- _DATA EXCERPT_:

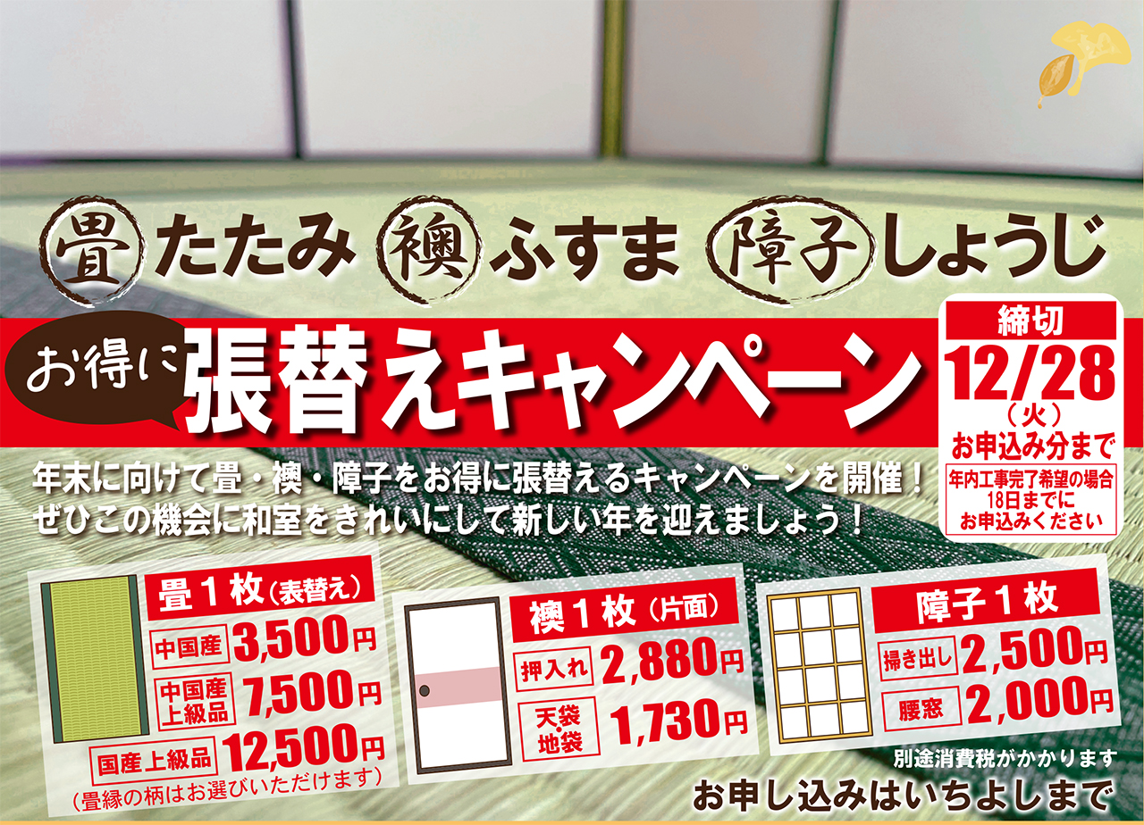 年末に向けて畳・襖・障子をお得に張替えるキャンペーンを開催!
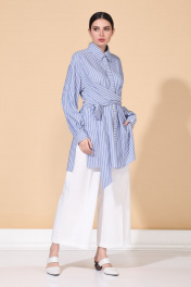 Рубашка с центральной застежкой на петли и пуговицы на планке с декоративной печатью. Перед отрезной по талии с цельнокроеными завязками, спинка с кокеткой, рукава рубашечного покроя со складками по низу на притачных манжетах. Воротник стояче-отложной на отрезной стойке. Низ фигурный с разрезами по боковым швам
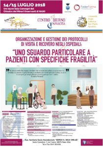 Il 14 e 15 luglio 2018 l’Associazione Sorge il Sole di Naso, centro nebroideo in provincia di Messina, e l’Università Unisampaolo di Roma presenteranno un convegno dal titolo “Organizzazione e gestione dei protocolli di visita e ricovero negli ospedali”: uno sguardo particolare a pazienti con specifiche fragilità”. Sede dell’evento sarà il Chiostro dei Minori Osservanti sito a Naso.
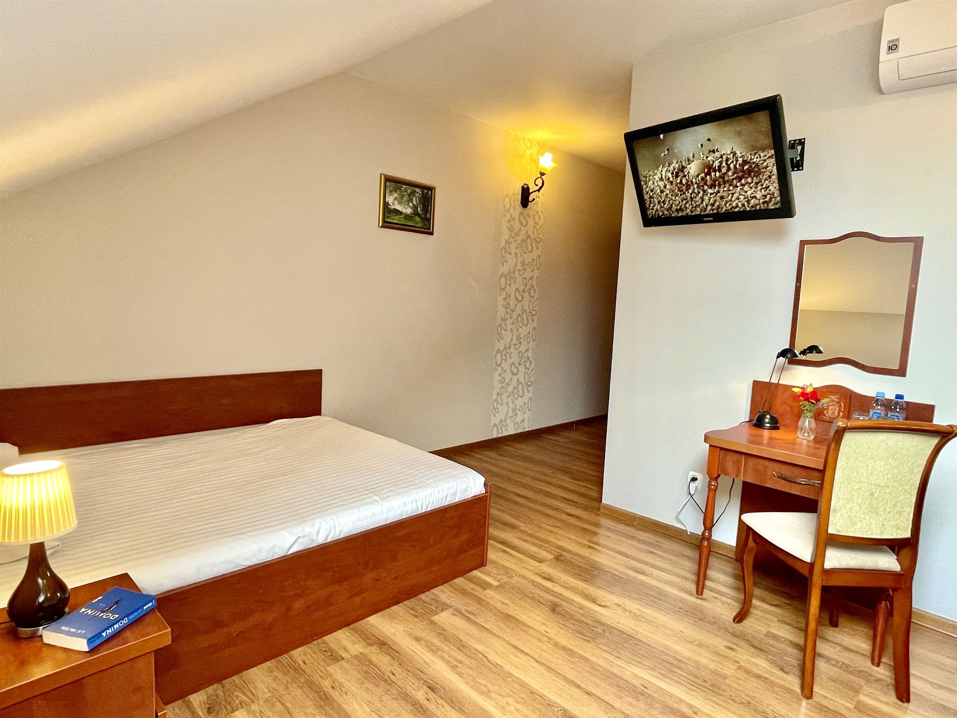 Przestronny Pokój 2os. U Sarnowskich wyposażony w m.in. biurko, telewizor z płaskim ekranem. W pokoju znajduje się również prywatna łazienka z suszarką do włosów oraz bezpłatnym zestawem kosmetyków.

- _EXERCISE PROMPT_:
Begin at the line that contains "Рубашка с центральной" and transcribe exactly, and only, each line through the final line of the data above, both included; the pictures do not go in.

- _YOUR SOLUTION_:
 Рубашка с центральной застежкой на петли и пуговицы на планке с декоративной печатью. Перед отрезной по талии с цельнокроеными завязками, спинка с кокеткой, рукава рубашечного покроя со складками по низу на притачных манжетах. Воротник стояче-отложной на отрезной стойке. Низ фигурный с разрезами по боковым швам
 Il 14 e 15 luglio 2018 l’Associazione Sorge il Sole di Naso, centro nebroideo in provincia di Messina, e l’Università Unisampaolo di Roma presenteranno un convegno dal titolo “Organizzazione e gestione dei protocolli di visita e ricovero negli ospedali”: uno sguardo particolare a pazienti con specifiche fragilità”. Sede dell’evento sarà il Chiostro dei Minori Osservanti sito a Naso.
 Przestronny Pokój 2os. U Sarnowskich wyposażony w m.in. biurko, telewizor z płaskim ekranem. W pokoju znajduje się również prywatna łazienka z suszarką do włosów oraz bezpłatnym zestawem kosmetyków.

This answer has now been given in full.